**Aim of the exercise**
Output each record exactly as given. Leave out every picture.

[Stored items from a collection]
== Segment start ==

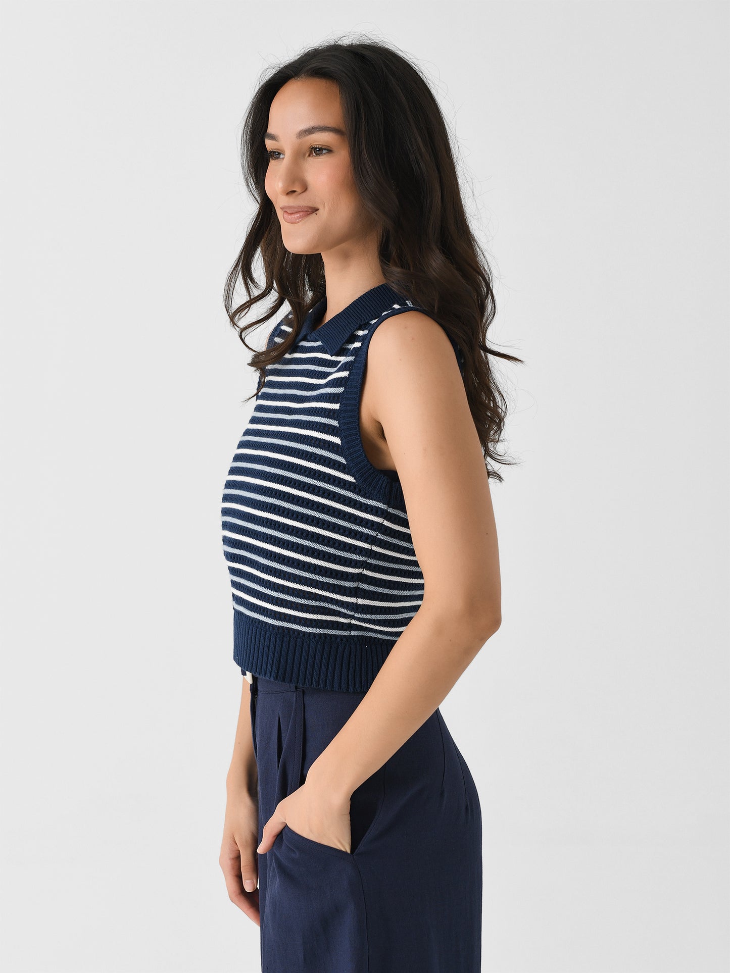 Matthew Bruch Women's Striped Mesh Collard Tank
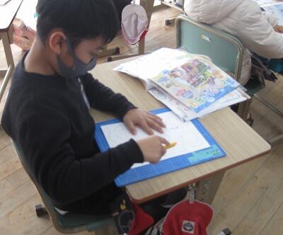 1月26日(水)、2年生が図工の学習でカッターナイフを使っていました。初めて使う子どもが多く、最初は「こわいなあ」と少し不安な表情でした。先生からカッターナイフの持ち方や使い方を教えてもらって、まずは真っ直ぐな線を切る練習をしました。できた!と嬉しそうな声が上がっていました。
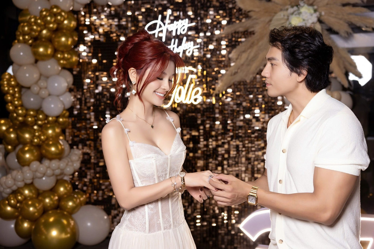 Đặc biệt, Lý Bình lộ rõ sự cưng chiều bà xã khi tặng chiếc nhẫn kim cương khủng. Cả hai không ngại thể hiện cử chỉ tình cảm trước đám đông. Bên nhau 3 năm nhưng cặp đôi vẫn cực kì mặn nồng.
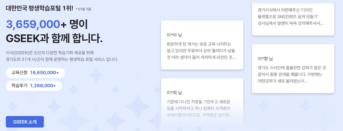 7. GSEEK의 인기 있는 강좌는 무료로 제공되며, 교육 신청 수와 학습 후기 수를 통해 강의의 신뢰도와 품질을 확인할 수 있습니다. 많은 사용자들이 이미 이 포털을 통해 만족스러운 학습 경험을 하고 있습니다.
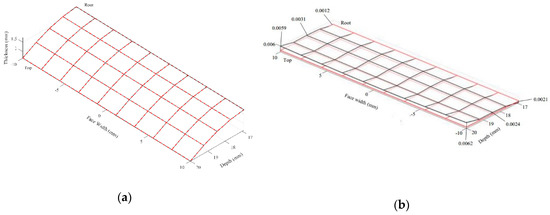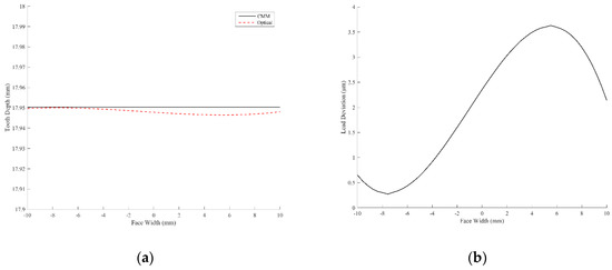 Generally, the data sheet of a gear inspection represents the quality of the gear tooth surface in three parts: (1) Involute profile deviation; (2) lead (axial-direction) deviation; and (3) topology deviation. The ideal profile of the cross-section of a gear tooth along the radial direction is an involute curve. Typically, the profile of the central cross-section of the gear blank is measured when the involute profile deviation is represented, as illustrated in Figure 10a. In addition, the profile along the lead direction is typically measured along the axial direction of the tooth surface on the pitch circle, as depicted in Figure 10b. Furthermore, a topology error represents a 3-D topology deviation of the measured real tooth surface from a reference tooth surface in a set of grid points. In this study, the determination of the three types of deviations was also developed using Matlab codes.
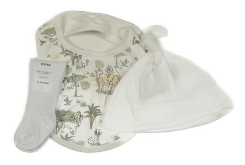 3set - Bílá bavlněná čepice + smetanový slinták s Lvím králem + biele ponožky
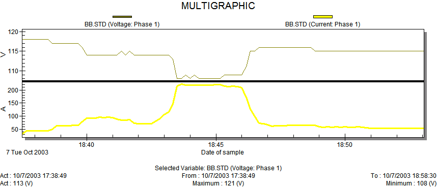電壓為什么會出現異常?很多情況下,接入建筑內的"電路"相對平坦,由于設備間相互影響,它的路面會變得崎嶇不平。例如,當您開啟垃圾粉碎機時,燈會變暗,就是由于電路中負荷短暫增加,影響了維持電燈亮度的電壓。如下圖所示,電路中電壓與電流的關系,負載電流增加,使電壓在相應時段內降低。類似這類事件可能導致計算機死機、敏感加工程序中斷、數據傳輸錯誤以及其它很多問題。
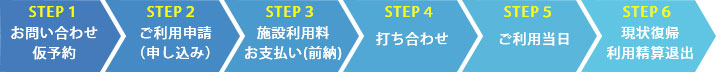 施設利用のお申し込みをいただき、事前に打ち合わせが必要なお客様は、ご利用の1ヶ月~2週間前までに担当者と打ち合わせをしてください。ご都合のよい打ち合わせ日をお問い合わせください。

== Segment end ==

**Output for this exercise**
 Matthew Bruch Women's Striped Mesh Collard Tank
 1月26日(水)、2年生が図工の学習でカッターナイフを使っていました。初めて使う子どもが多く、最初は「こわいなあ」と少し不安な表情でした。先生からカッターナイフの持ち方や使い方を教えてもらって、まずは真っ直ぐな線を切る練習をしました。できた!と嬉しそうな声が上がっていました。
 Đặc biệt, Lý Bình lộ rõ sự cưng chiều bà xã khi tặng chiếc nhẫn kim cương khủng. Cả hai không ngại thể hiện cử chỉ tình cảm trước đám đông. Bên nhau 3 năm nhưng cặp đôi vẫn cực kì mặn nồng.
 7. GSEEK의 인기 있는 강좌는 무료로 제공되며, 교육 신청 수와 학습 후기 수를 통해 강의의 신뢰도와 품질을 확인할 수 있습니다. 많은 사용자들이 이미 이 포털을 통해 만족스러운 학습 경험을 하고 있습니다.
 Generally, the data sheet of a gear inspection represents the quality of the gear tooth surface in three parts: (1) Involute profile deviation; (2) lead (axial-direction) deviation; and (3) topology deviation. The ideal profile of the cross-section of a gear tooth along the radial direction is an involute curve. Typically, the profile of the central cross-section of the gear blank is measured when the involute profile deviation is represented, as illustrated in Figure 10a. In addition, the profile along the lead direction is typically measured along the axial direction of the tooth surface on the pitch circle, as depicted in Figure 10b. Furthermore, a topology error represents a 3-D topology deviation of the measured real tooth surface from a reference tooth surface in a set of grid points. In this study, the determination of the three types of deviations was also developed using Matlab codes.
 3set - Bílá bavlněná čepice + smetanový slinták s Lvím králem + biele ponožky
電壓為什么會出現異常?很多情況下,接入建筑內的"電路"相對平坦,由于設備間相互影響,它的路面會變得崎嶇不平。例如,當您開啟垃圾粉碎機時,燈會變暗,就是由于電路中負荷短暫增加,影響了維持電燈亮度的電壓。如下圖所示,電路中電壓與電流的關系,負載電流增加,使電壓在相應時段內降低。類似這類事件可能導致計算機死機、敏感加工程序中斷、數據傳輸錯誤以及其它很多問題。
 施設利用のお申し込みをいただき、事前に打ち合わせが必要なお客様は、ご利用の1ヶ月~2週間前までに担当者と打ち合わせをしてください。ご都合のよい打ち合わせ日をお問い合わせください。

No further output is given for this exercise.